Ironically, this is something on which the scientists and the biosecurity experts agree.
"This has got to be a global discussion. It can't be a U.S.-oriented discussion," said Michael Osterholm, an infectious diseases expert and member of the NSABB.
He welcomed the news the WHO will become involved. "The very major contribution they can make is being the international venue where this thoughtful and international discussion occurs."
He also agreed with Fukuda's assessment that the situation raises a number of issues that need to be addressed.
"Doing it right is clearly more important than doing it quickly. Involving the world is really important, not just those who right now are the prominent players in the discussion," added Osterholm, who heads the Center for Infectious Diseases Research and Policy at the University of Minnesota.
One of the issues that will likely come up is whether future work on the viruses produced by the two research teams should be restricted to laboratories with the highest designation of biosafety and biosecurity, BSL4 labs.
H5N1 work is typically done in BSL3 or BSL3-enhanced laboratories. Neither Fouchier nor Kawaoka have BSL4 labs at their institutions.
Osterholm said he supports those who call for the viruses to be designated as BSL4 pathogens. "I don't know why you wouldn't put this in a BSL4 for the time being," he said, insisting he was speaking as an individual, not as a spokesperson for the NSABB.
When the journals agreed not to publish the papers in full, they did so on the proviso that a system be set up that allows the technical details of the work to be shared with other scientists and perhaps public health authorities on a need-to-know basis.

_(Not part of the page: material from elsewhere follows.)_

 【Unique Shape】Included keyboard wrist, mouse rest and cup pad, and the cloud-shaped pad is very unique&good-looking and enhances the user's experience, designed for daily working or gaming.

Asked if the WHO would be taking on the responsibility for running such a system, which would involve vetting applications to see the work, Fukuda suggested that would be outside the agency's scope.
"I think that the issues are too big to say that any organization will simply take it on. That any organization will just as a matter of course police the release of information or monitor all potentially sensitive research. This is not something that I think WHO or any organization will be able to do. I think it is simply infeasible," he said.
It is believed the journals may publish the papers later this month. But putting together the system to decide who can see the full works and how the details can be safely shared may take several months.